Subject: Cutting-Edge Statistical and Machine Learning Research
Hi Elman,
This newsletter covers recent preprints exploring diverse applications of statistical and machine learning methodologies.
This collection of preprints showcases a broad spectrum of applications for statistical and machine learning methods across various domains, from experimental physiology and medical imaging to climate change and AI safety. Several studies focus on innovative study designs and statistical models for improved inference. Königorski & Schmid (2024) (https://arxiv.org/abs/2412.15076) introduce N-of-1 trials as a powerful tool for personalized and population-level inference in experimental physiology, highlighting their potential for increased efficiency compared to traditional randomized controlled trials. Béclin et al. (2024) (https://arxiv.org/abs/2412.15049) develop a novel parametric linear regression model for quantile function data, applied to paired pulmonary 3D CT scans, offering an objective measure for assessing treatment response in asthma patients. Goh et al. (2024) (https://arxiv.org/abs/2412.14946) propose joint models using Bayesian Additive Regression Trees (BART) to handle non-ignorable missing data, addressing a critical challenge in predictive analysis, particularly in the context of leaf photosynthetic traits.
Another prominent theme is the application of Bayesian methods and AI in diverse fields. Gonzales Martinez & Haisma (2024) (https://arxiv.org/abs/2412.14720) introduce MICG-AI, a Bayesian AI algorithm leveraging digital phenotyping to create a multidimensional index of child growth, offering a more holistic approach compared to traditional growth models. Wadsworth & Niemi (2024) (https://arxiv.org/abs/2412.14339) employ a Bayesian hierarchical nonlinear model with discrepancy for forecasting influenza hospitalizations, utilizing both hospitalization and ILI data. Micoli et al. (2024) (https://arxiv.org/abs/2412.15899) also utilize a Bayesian approach to calculate the probability of success for clinical trials with competing event data, offering a valuable tool for interim monitoring. Furthermore, Sun et al. (2024) (https://arxiv.org/abs/2412.14222) survey the emerging field of LLM-based agents for statistics and data science, highlighting their potential to democratize data analysis and automate complex tasks.
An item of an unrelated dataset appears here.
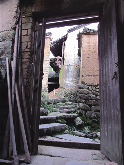 拾级而上走进畲家,泥黄色的砖墙衬着黑色的房顶,二楼的木栏杆上垂挂着正在晾晒的菜叶。畲语中称房屋为“寮”,一般为木结构泥墙茅草顶,随着时代的变迁,我们见到的大多房顶为瓦片。房屋大多建造在山坡向阳避风有水源的地方,虽无系统上的风水理论,但他们的宅门和灶门朝向有一定的规制。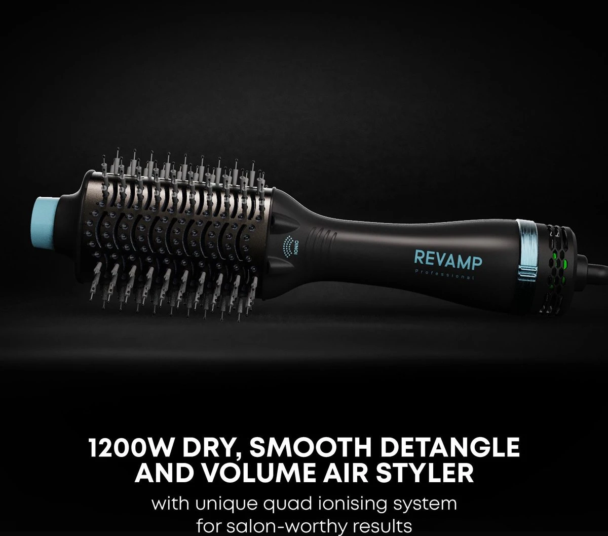 - 1200 W droge, gladde, ontwarrende en volume-airstyler met een uniek quad-ionisatiesysteem voor salonwaardige resultaten

Several papers focus on specific applications and methodological advancements. These include revisited skull analysis using RMaCzek software (Bartoszek, 2024, https://arxiv.org/abs/2412.14343), evaluation of the linear mixing model in fluorescence spectroscopy (Hoff & Osburn, 2024, https://arxiv.org/abs/2412.14263), discussion of the relationship between the ICH E9 (R1) estimands framework and causal inference (Drury et al., 2024, https://arxiv.org/abs/2412.12380), a method for small-area uncertainty estimation for spatial averages of aboveground biomass (Johnson et al., 2024, https://arxiv.org/abs/2412.16403), and a proof of the minimax optimality of the Neyman allocation (Kato, 2024, https://arxiv.org/abs/2412.17753).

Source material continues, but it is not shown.